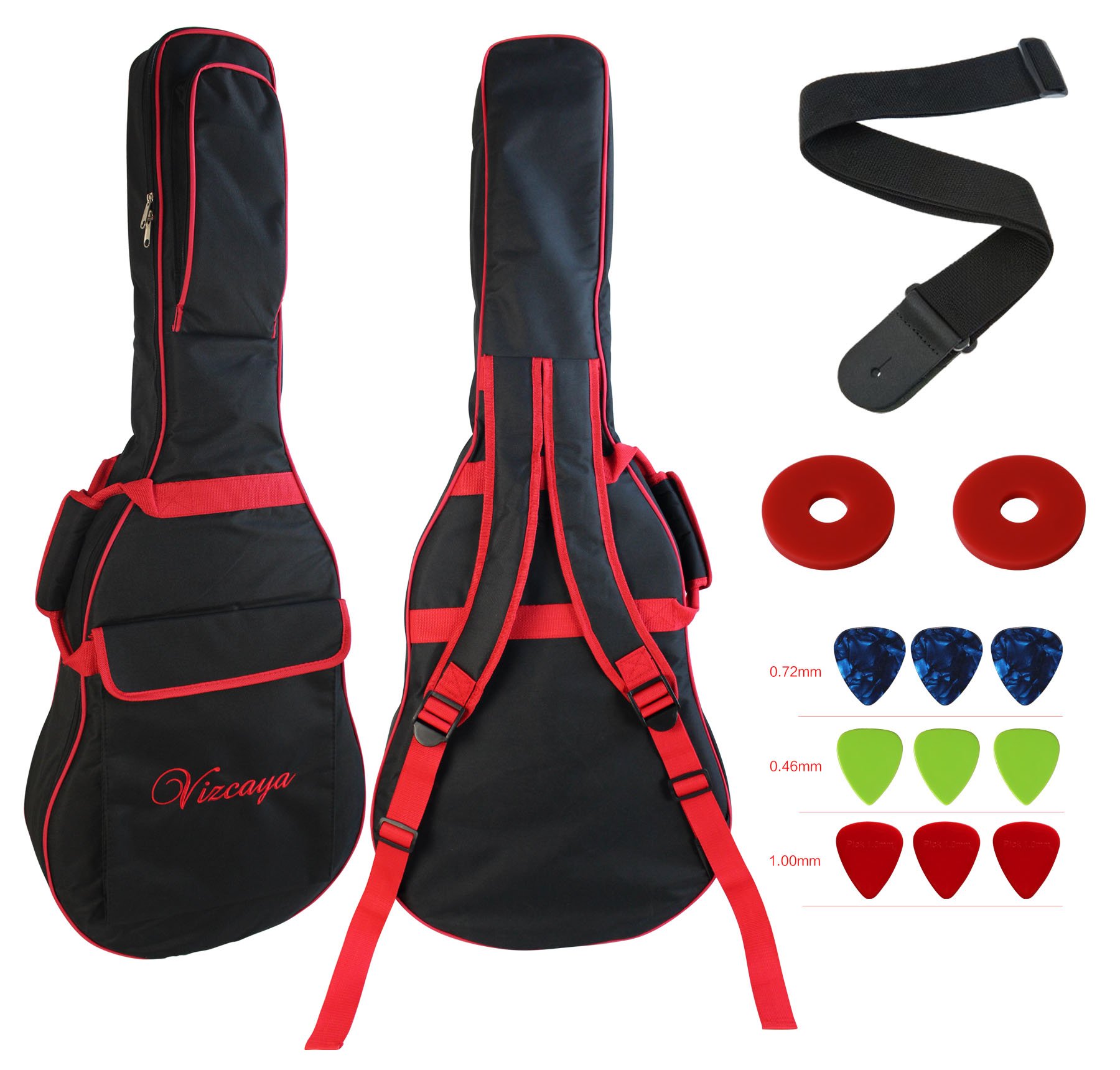 41 Inch Acoustic Guitar Case With Picks - Vizcaya 41 Inch Waterproof Dual Adjustable Shoulder Strap Acoustic Guitar Gig Bag 15mm Padding Backpack With Accessories Adult Guitar Strap Picks Strap Lock Black With Red Edge Best Music Bags
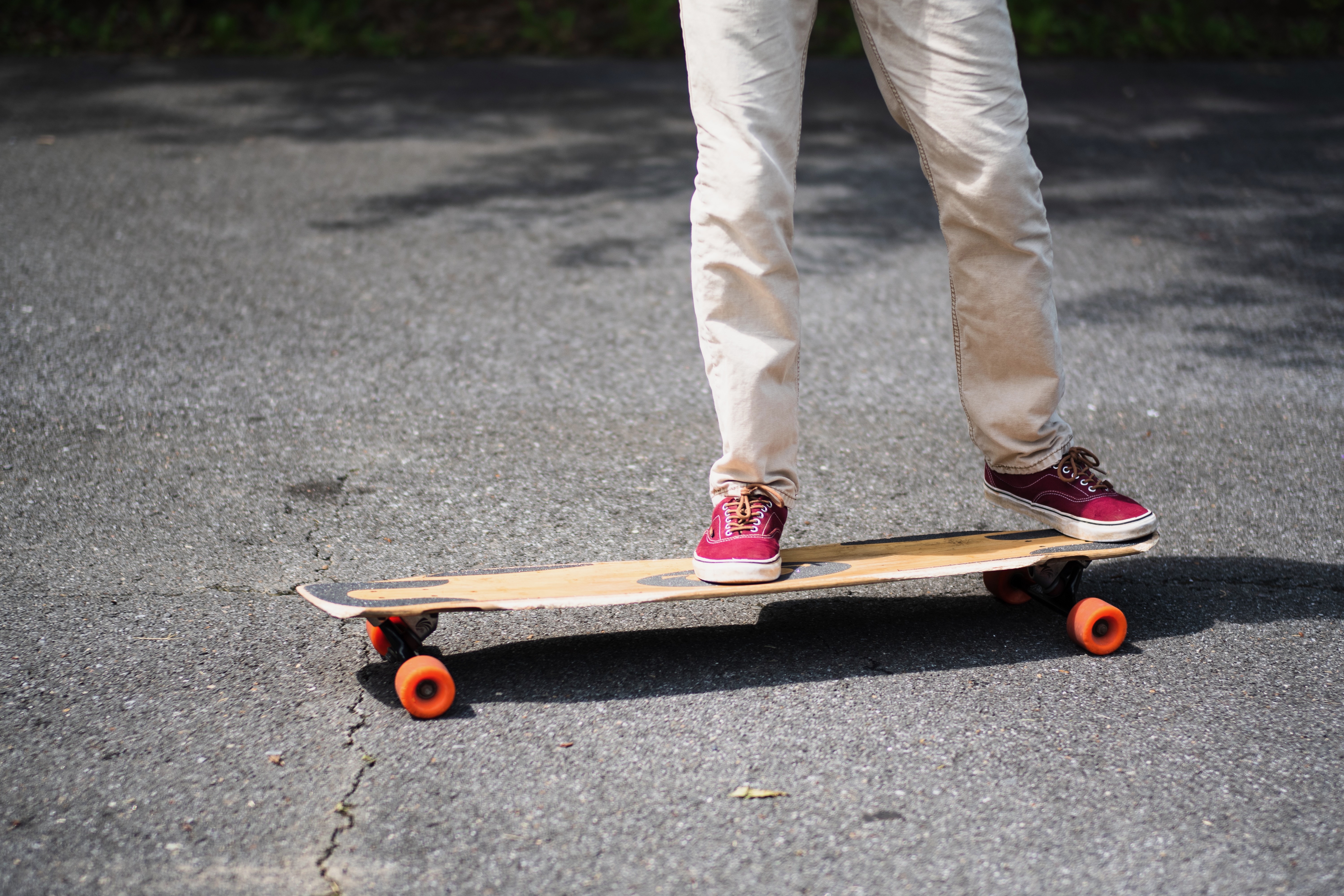 A skateboarder stands poised on a longboard, a moment of calm before movement. The warm sunlight casts dynamic shadows on the asphalt, enhancing the laid-back yet focused mood. With casual attire and vibrant shoes, the scene embodies the spirit of youthful adventure and freedom.
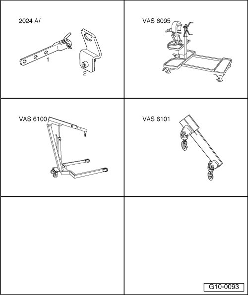 • Engine and transmission holder (VAS 6095) with bracket (VAS 6095/1-5)
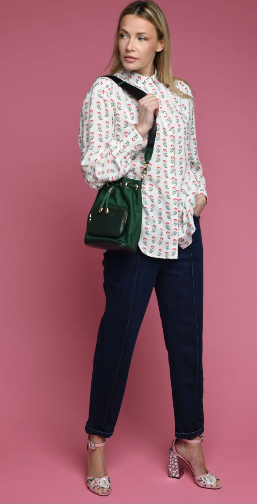 Nusegamos ilga ir trumpa rankena. Ilga rankena yra reguliuojama. Viduje ir išorėje turi kišenėles. Išorinė kišenėlė su užtrauktuku. Užtraukiama raišteliais. Rankinė pagaminta iš nailono – praktiškos, lengvos ir vandenį atstumiančios medžiagos, kuri yra blizgi ir maloni liesti. Metalinės detalės.
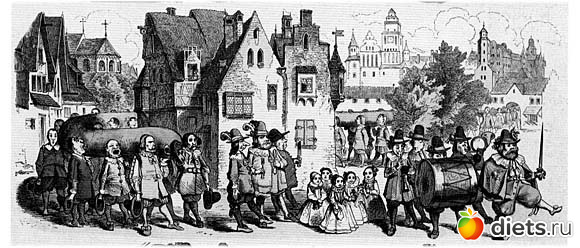 В этот же год на Крещение пекари взяли реванш. К постоялому двору мясников они принесли 8 огромных батонов с изюмом, в 5 локтей длиной каждый. Для их выпечки потребовалось 12 четвериков (1 четверик - куль в четыре пуда) пшеничной муки и 2 фунта аниса. Украшены батоны были коронами звездами и гербами из пряничного теста.
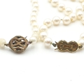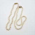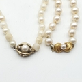 Two strings of Cultured Pearls both on clasps stamped 375, one set cultured pearl and tiny diamonds and the other set cultured pearl only
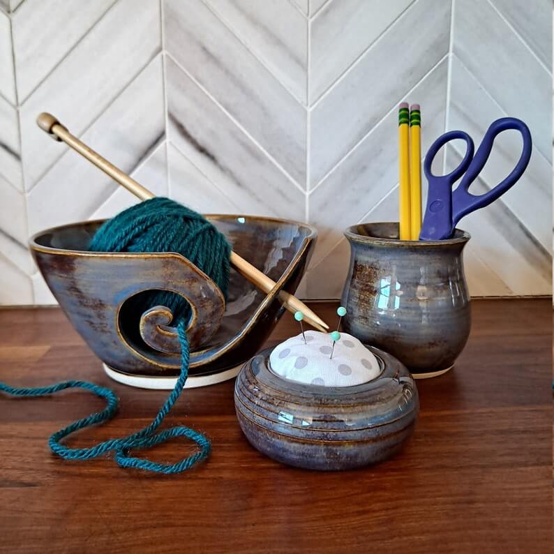 For crafters who do it all, this ceramic set from kbellclayshop on Etsy will be a welcomed addition to their space. This handmade set includes a yarn bowl, pin cushion and tumbler for organizing supplies.
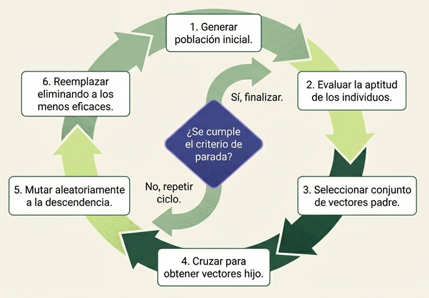 Esta «justicia algorítmica» garantiza que los mejores tengan mayores probabilidades de dejar descendencia. Sin embargo, no garantiza el monopolio de la reproducción, ya que los individuos menos aptos mantienen una pequeña probabilidad de transmitir sus genes. Este «caos controlado» es vital, ya que garantiza la diversidad estructural y evita que el algoritmo se estanque en óptimos locales, es decir, soluciones que parecen buenas solo porque el sistema ha perdido la capacidad de mirar más allá de lo inmediato.

▶ **WHAT IS BEING ASKED**: Give back every entry word for word, and drop the pictures as you go.

▶ **SOLUTION TO THIS PROBLEM**:
 41 Inch Acoustic Guitar Case With Picks - Vizcaya 41 Inch Waterproof Dual Adjustable Shoulder Strap Acoustic Guitar Gig Bag 15mm Padding Backpack With Accessories Adult Guitar Strap Picks Strap Lock Black With Red Edge Best Music Bags
 A skateboarder stands poised on a longboard, a moment of calm before movement. The warm sunlight casts dynamic shadows on the asphalt, enhancing the laid-back yet focused mood. With casual attire and vibrant shoes, the scene embodies the spirit of youthful adventure and freedom.
 • Engine and transmission holder (VAS 6095) with bracket (VAS 6095/1-5)
 Nusegamos ilga ir trumpa rankena. Ilga rankena yra reguliuojama. Viduje ir išorėje turi kišenėles. Išorinė kišenėlė su užtrauktuku. Užtraukiama raišteliais. Rankinė pagaminta iš nailono – praktiškos, lengvos ir vandenį atstumiančios medžiagos, kuri yra blizgi ir maloni liesti. Metalinės detalės.
 В этот же год на Крещение пекари взяли реванш. К постоялому двору мясников они принесли 8 огромных батонов с изюмом, в 5 локтей длиной каждый. Для их выпечки потребовалось 12 четвериков (1 четверик - куль в четыре пуда) пшеничной муки и 2 фунта аниса. Украшены батоны были коронами звездами и гербами из пряничного теста.
 Two strings of Cultured Pearls both on clasps stamped 375, one set cultured pearl and tiny diamonds and the other set cultured pearl only
 For crafters who do it all, this ceramic set from kbellclayshop on Etsy will be a welcomed addition to their space. This handmade set includes a yarn bowl, pin cushion and tumbler for organizing supplies.
 Esta «justicia algorítmica» garantiza que los mejores tengan mayores probabilidades de dejar descendencia. Sin embargo, no garantiza el monopolio de la reproducción, ya que los individuos menos aptos mantienen una pequeña probabilidad de transmitir sus genes. Este «caos controlado» es vital, ya que garantiza la diversidad estructural y evita que el algoritmo se estanque en óptimos locales, es decir, soluciones que parecen buenas solo porque el sistema ha perdido la capacidad de mirar más allá de lo inmediato.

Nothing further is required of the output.